Be it the allocation of 2G spectrum or the conduct of the Commonwealth Games, the Comptroller and Auditor General (CAG) has rarely lost an opportunity to present itself as a corruption watchdog. But when it comes to turning the gaze within, it has a lot of explaining to do.
After the subject was taken up at workshops organised at the CAG’s academy in Shimla in 2009-2010, an unprecedented analysis of the “cancer of corruption” in field offices and staff was commissioned, but when the report was finally circulated four months ago, it was quietly withdrawn within days.

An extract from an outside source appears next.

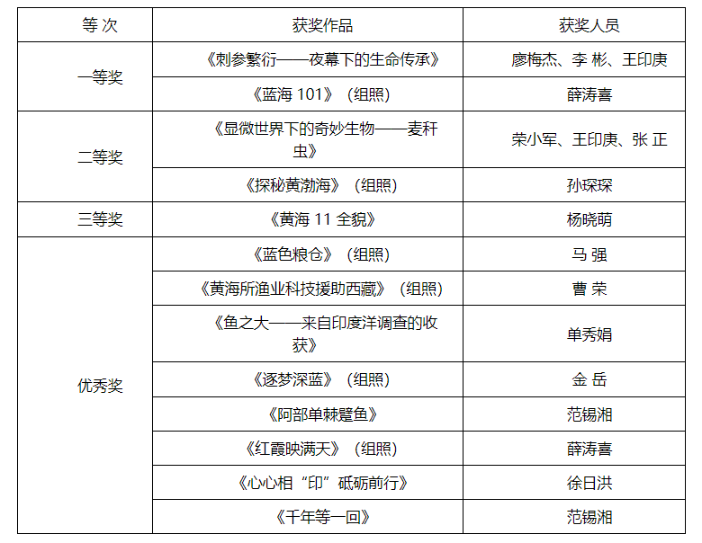 中國水產科學研究院黃海水產研究所認真對待、精心安排,組織全所干部職工積極響應、踴躍投稿,推薦的作品中有13幅作品分獲一、二、三等獎和優秀獎,黃海所獲優秀組織獎。

No official copy is available with the CAG now but a copy, obtained by The Sunday Express, reveals a sweeping range of irregularities detected: from seeking unauthorised favours to fudging of audit records, demanding bribes by staff to fake audits being used as blackmail.
The report has been authored by S B Pillay, who is Deputy Additional CAG in New Delhi, and was assigned the task of analysing the extent of corruption within. The result was his 24-page booklet titled: “The challenge of the coming decade: combating corruption in field offices.”
In the report, Pillay admits that participants at workshops conducted in Shimla “unanimously agreed that corruption exists at all levels including Group A...” and that “the cancer (of corruption) has spread to the good parts as well.” Sources said that such a frank admission in the report — marked for “internal use only” — was perhaps one reason the report was withdrawn after a large number of copies were circulated —- along with a covering letter —- at the CAG’s headquarters in New Delhi.